Tak Sembarangan Masuk! Begini Prosedur Ketat Ribuan Sapi Australia di Jateng

SUASANA : Pemeriksaan 1.138 ekor sapi ras Friesian Holstein asal Australia yang masuk melalui Pelabuhan Tanjung Intan, Cilacap, belum lama ini. (DOK. PRIBADI/JOGLO JATENG)

SEMARANG, Joglo Jateng – Badan Karantina Indonesia (Barantin) melalui Karantina Jawa Tengah memastikan sebanyak 1.138 ekor sapi ras Friesian Holstein asal Australia yang masuk melalui Pelabuhan Tanjung Intan, Cilacap, dalam kondisi sehat dan bebas dari hama penyakit hewan karantina (HPHK).

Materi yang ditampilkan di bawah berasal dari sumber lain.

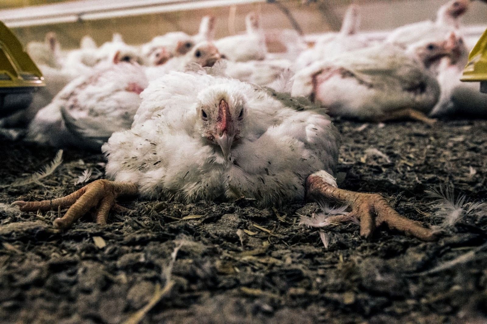 The chickens’ internal organs often fail to keep up with the body’s high oxygen demands. This leads to fluid buildup in the stomach. The birds feel a growing, distressing sense of breathlessness, eventually leading to a long and painful death.
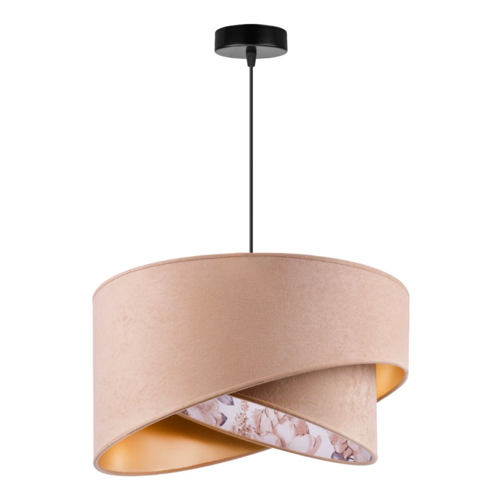 Závěsné svítidlo Mediolan, 1x béžové/zlaté/květinové textilní stínítko
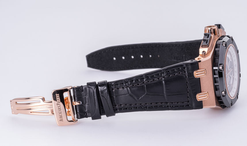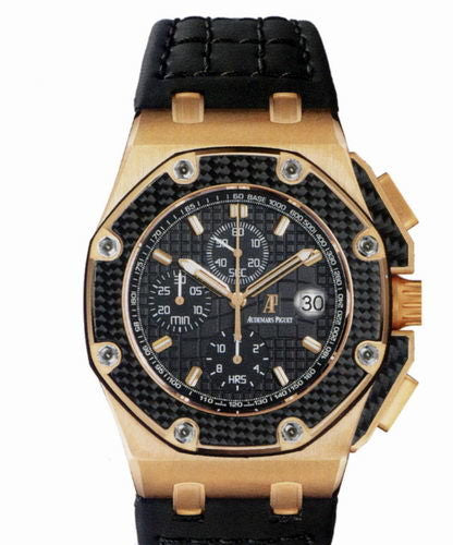 Preowned - 26030RO.OO.D001IN.01 Audemars Piguet. This is a men's watch with a 42mm 18K satin-brushed rose gold case and a fixed black-tone carbon bezel with 8 titanium screws. The case height is 14.4mm. The dial is black with black "Méga Tapisserie" chronograph counters, rose gold hour markers with white luminescent coating, central hour, minute, and small second hands with luminescent coating, white chronograph second hands, a 30-second chronograph counter at 9 o'clock, and a 12 o'clock counter at 6 o'clock. The date window is at 3 o'clock and has an enlarged lens. The movement is a self-winding mechanical Calibre 3126/3840 with 59 jewels and an approximate power reserve of 55 hours. The watch displays hours, minutes, seconds, date, and has a chronograph function. The case back is transparent. It is secured with a black alligator leather strap and double folding deployant buckle. This watch is water-resistant to 100m and is a limited edition of 500 pieces.
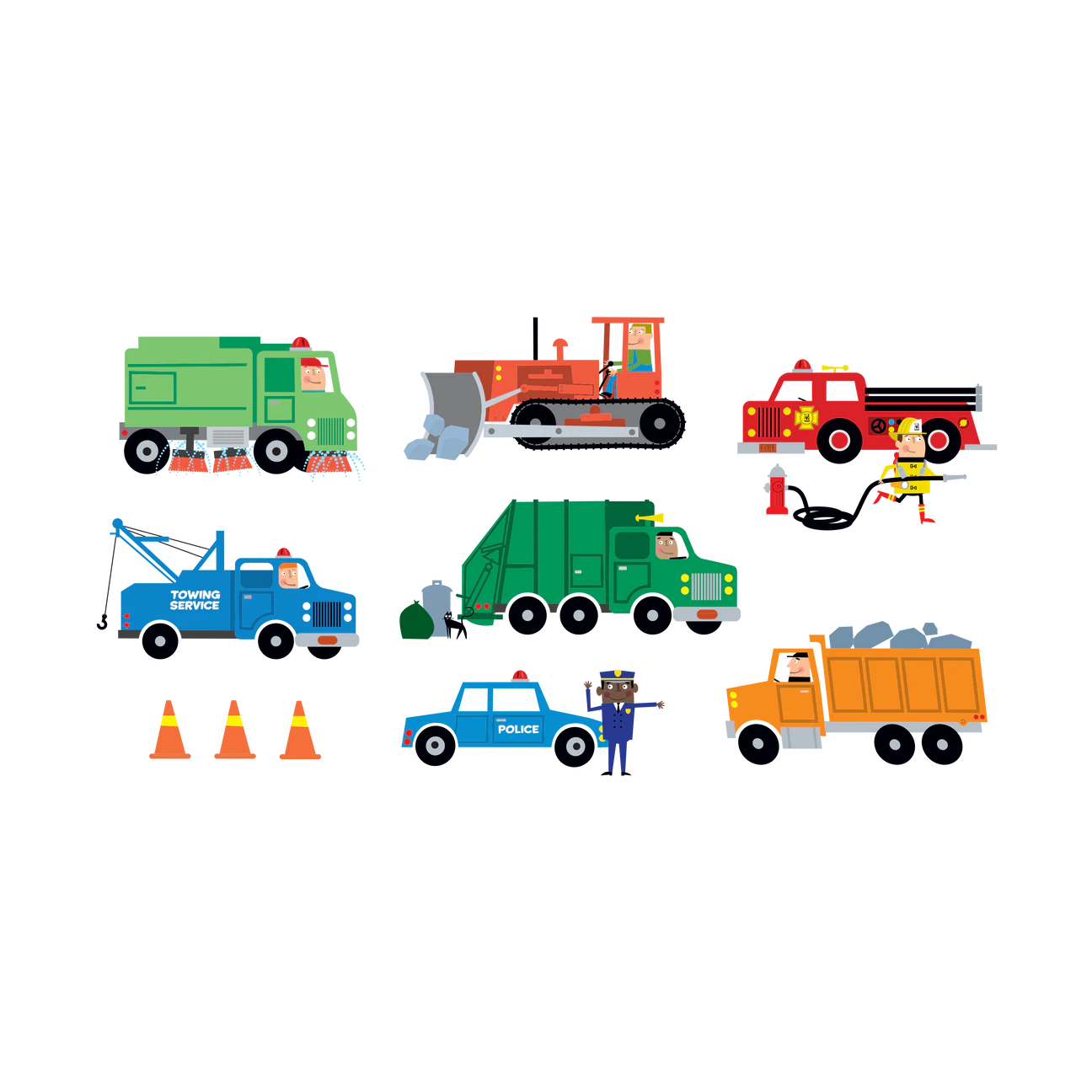 Each set includes 8 Tattlys and comes packaged in our new card stock sleeve with a full-color photo on the front. It also comes with a free single Tattly Sponge! Designs in the Traffic Set are: Fire Truck, Plow Truck, Police Car, Rock Mover, Sanitation Truck, Street Sweeper, Tow Truck, and Traffic Cones.
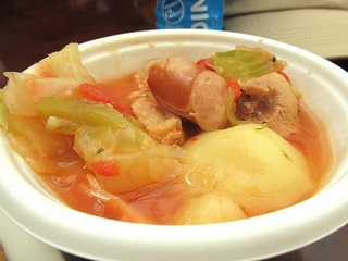 お昼にはランチをいただけたそうです。 ピザとポトフ(かな?)。 間違いない!おいしいやつです! |
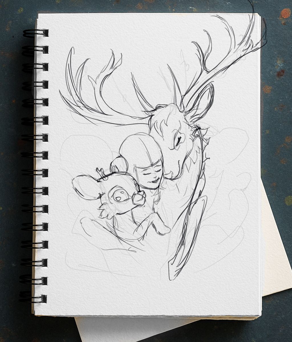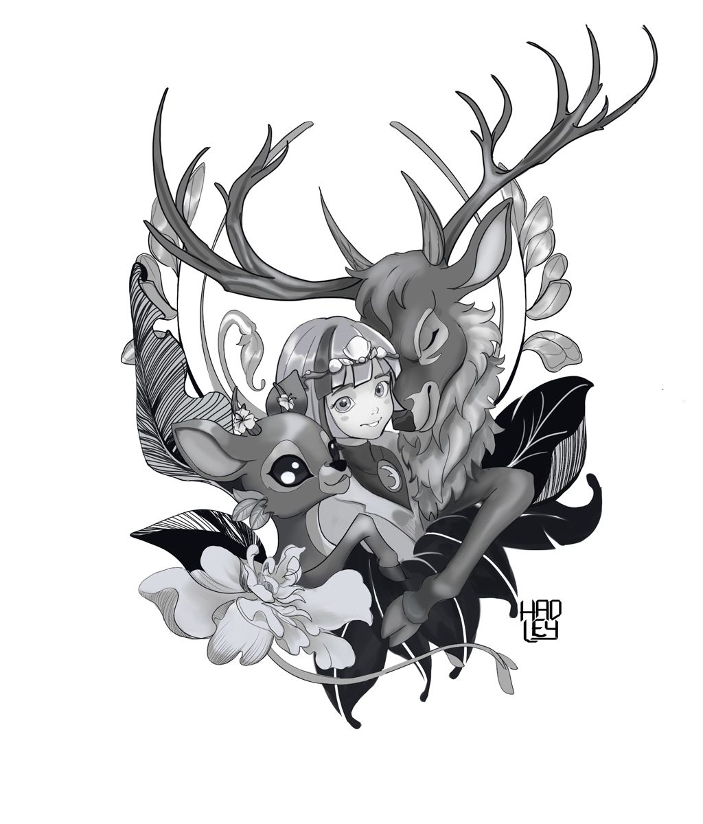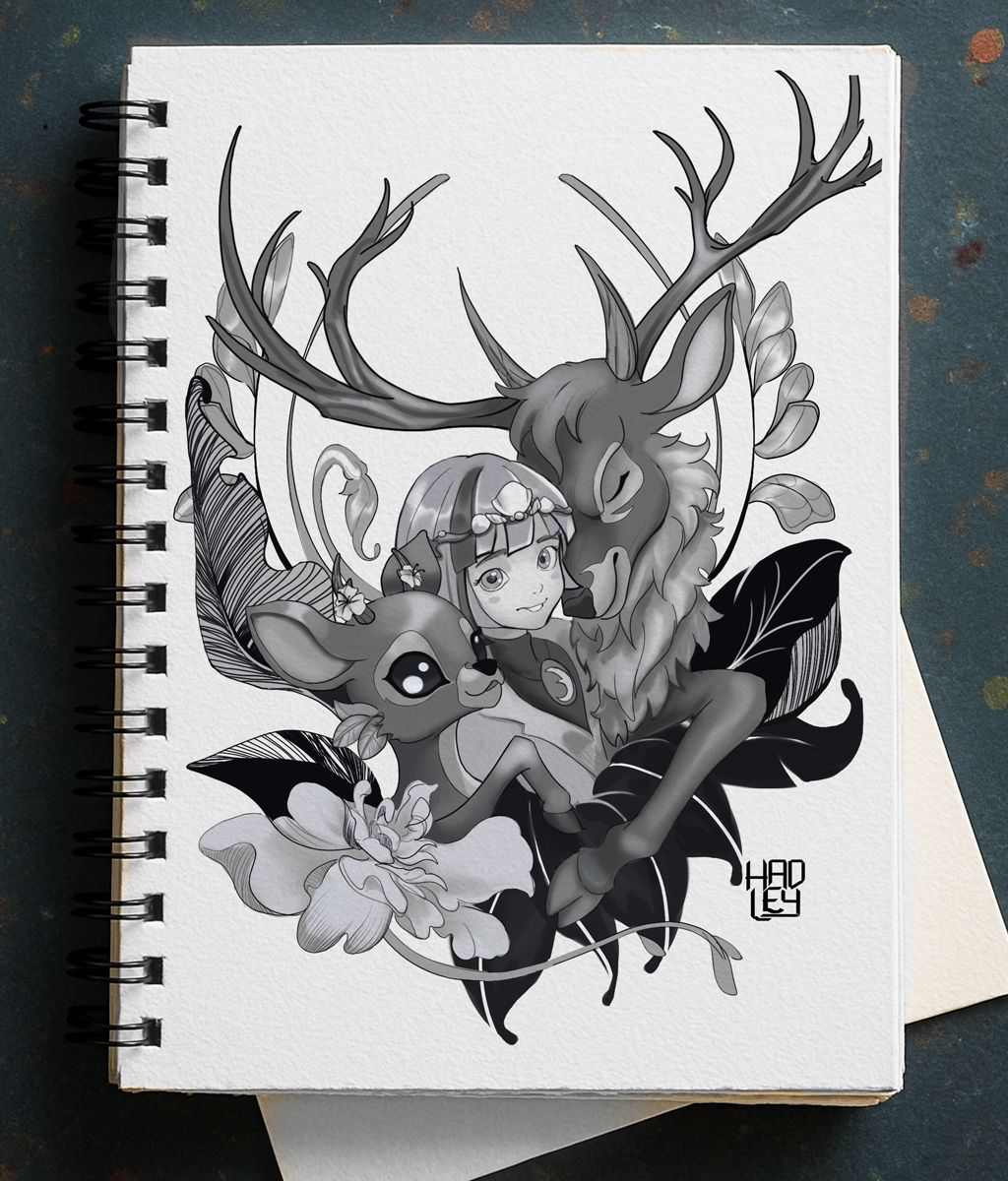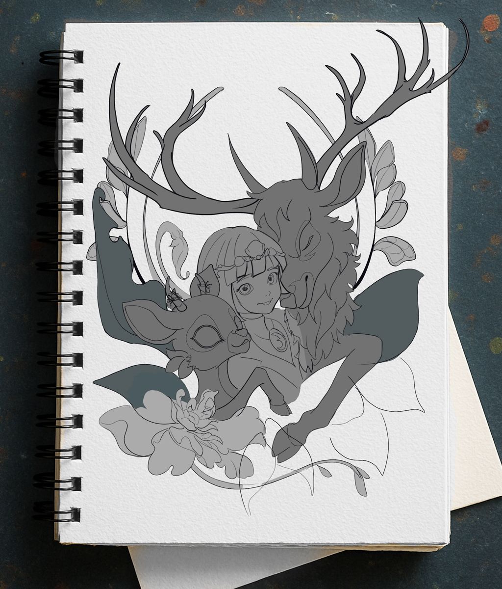 For the fifth prompt, "Deer," I wanted to represent more than just a simple deer: I created Naara and her evolution Shinaaraâtwo majestic creatures almost made of plants, their bodies seemingly woven with living leaves, flowers, and branches. Their connection to nature is deep and symbolic, but to balance the scene and add vibrant contrast, they're accompanied by a small ocean healer, whose presence brings a touch of aquatic light amid all the greenery (even though everything looks gray here)

Sapi-sapi tersebut diimpor dalam keadaan bunting 3–4 bulan dan diperuntukkan sebagai bibit sapi perah. Kepala Karantina Jawa Tengah, Sokhib menyatakan bahwa kondisi sapi cukup stabil untuk menempuh perjalanan laut selama sembilan hari dari Dermaga Portland, Australia, menuju Dermaga Pelabuhan Laut Tanjung Intan, Cilacap.

“Selanjutnya ribuan sapi tersebut dilakukan serangkaian tindakan karantina meliputi pengasingan, pengamatan, perlakuan oleh petugas karantina di Instalasi Karantina Hewan Cilacap,” ujarnya.

Sokhib menjelaskan, tindakan tersebut dilakukan berdasarkan amanah Peraturan Pemerintah Nomor 29 Tahun 2023 tentang pelaksanaan Undang-Undang Nomor 21 Tahun 2019 tentang Karantina Hewan, Ikan, dan Tumbuhan. Dalam pasal 72 dan 73 disebutkan bahwa tindakan pengasingan diperlukan untuk proses pengamatan, pemeriksaan klinis dan/atau laboratoris, serta perlakuan.

“Tindakan pengamatan dilakukan untuk mengamati timbulnya gejala HPHK selama tindakan pengasingan. Waktu masa karantina disesuaikan dengan masa inkubasi dan sifat penyakit hewan. Menurut pasal 75, tindakan perlakuan dilakukan untuk membebaskan atau menyucihamakan Media Pembawa HPHK atau tindakan lain yang bersifat preventif, kuratif, dan promotif jika diperlukan. Kali ini dijadwalkan pemberian preventif berupa vaksin Lumpy Skin Disease serta Penyakit Mulut dan Kuku,” imbuh Sokhib.